For the purpose of promoting African American solidarity and family values, the Nation sponsored the Million Man March in Washington, D.C., in 1995. Between 400,000 and almost 1.1 million marchers, the most of them were men, were estimated to have participated, making it the biggest protest in American history at the time. The Nation of Islam was led by Farrakhan, who also oversaw the establishment of a clinic for AIDS patients in Washington, D.C., as well as efforts to drive drug dealers out of the city’s public housing projects and private apartment buildings. Additionally, it helped gang members in Los Angeles. According to its long-standing objectives of independence in terms of both economics and self-reliance, the Nation continued to support social reform in African American communities at this time.

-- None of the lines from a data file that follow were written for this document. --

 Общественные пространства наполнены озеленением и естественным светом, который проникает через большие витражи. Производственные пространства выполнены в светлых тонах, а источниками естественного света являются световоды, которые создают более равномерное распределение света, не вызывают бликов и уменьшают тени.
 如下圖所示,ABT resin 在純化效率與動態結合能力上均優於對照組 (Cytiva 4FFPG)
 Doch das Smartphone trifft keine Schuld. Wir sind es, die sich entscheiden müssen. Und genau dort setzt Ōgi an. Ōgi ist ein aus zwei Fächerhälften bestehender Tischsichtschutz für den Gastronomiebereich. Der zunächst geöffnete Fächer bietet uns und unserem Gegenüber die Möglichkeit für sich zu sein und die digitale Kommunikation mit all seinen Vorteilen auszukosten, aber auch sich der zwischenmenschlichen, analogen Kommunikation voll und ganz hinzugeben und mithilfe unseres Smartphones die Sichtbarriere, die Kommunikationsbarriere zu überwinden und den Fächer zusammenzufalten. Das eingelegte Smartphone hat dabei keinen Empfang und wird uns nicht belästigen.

The Nation of Islam’s core membership was estimated to be between 10,000 and 50,000 people in the early 21st century, but during that time Farrakhan was frequently drawing crowds of over 30,000 to his speeches in major American cities. The Nation was one of the Muslim movements in the country that grew the fastest under Farrakhan’s direction. In Ghana, London, Paris, and the Caribbean islands, foreign branches of the nation were established. Farrakhan developed relationships with Muslim nations in order to increase the Nation’s global influence. In the late 1980s, he also developed a friendship with Muammar al-Qaddafi, the dictator of Libya.

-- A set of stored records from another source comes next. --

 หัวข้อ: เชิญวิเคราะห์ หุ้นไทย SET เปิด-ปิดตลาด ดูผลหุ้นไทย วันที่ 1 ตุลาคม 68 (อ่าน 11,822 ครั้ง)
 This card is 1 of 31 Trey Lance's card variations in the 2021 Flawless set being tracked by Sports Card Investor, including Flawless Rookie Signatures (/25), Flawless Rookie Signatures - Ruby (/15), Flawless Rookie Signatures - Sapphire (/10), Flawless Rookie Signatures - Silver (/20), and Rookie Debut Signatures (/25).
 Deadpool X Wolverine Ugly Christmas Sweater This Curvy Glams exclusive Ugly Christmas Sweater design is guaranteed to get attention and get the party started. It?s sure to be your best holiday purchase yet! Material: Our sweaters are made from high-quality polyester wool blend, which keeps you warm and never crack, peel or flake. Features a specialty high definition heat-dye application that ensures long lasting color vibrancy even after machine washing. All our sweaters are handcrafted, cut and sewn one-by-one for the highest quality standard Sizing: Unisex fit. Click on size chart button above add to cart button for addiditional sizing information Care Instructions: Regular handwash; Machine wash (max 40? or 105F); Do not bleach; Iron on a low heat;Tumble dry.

Following a near-death experience in 2000 brought on by prostate cancer difficulties (Farrakhan had been diagnosed with cancer in 1991), he tried to improve relations with other minority groups, such as Native Americans, Hispanics, and Asians by reducing his use of racial rhetoric. When Imam Warith Deen Mohammed, the foremost orthodox Muslim in America, and Farrakhan acknowledged one another as fellow Muslims in 2000, Farrakhan likewise drew his movement closer to traditional Sunni Islam.

Early in the twenty-first century, Farrakhan was compelled by health difficulties to scale back his involvement with the Nation of Islam. Despite this, he continued to retain a respectable level of visibility by presenting sermons both in person and online. He openly accepted Dianetics, a Scientology technique, in 2010. Farrakhan also stated that he wanted all Nation of Islam members to become “auditors,” which are people who practice the one-on-one counseling method used by Scientology to help people deal with their “engrams,” which, in accordance with Scientology’s teachings, are mental representations of unpleasant past experiences that have a negative emotional impact on one’s life. He organized a march in Washington, D.C., in 2015 to commemorate the Million Man March’s 20th anniversary.

In 2019, Facebook banned Farrakhan and other well-known individuals who were deemed to be extremists.

In 2005, Farrakhan won the title of “Person of the Year” in a Black Entertainment Television (BET) poll.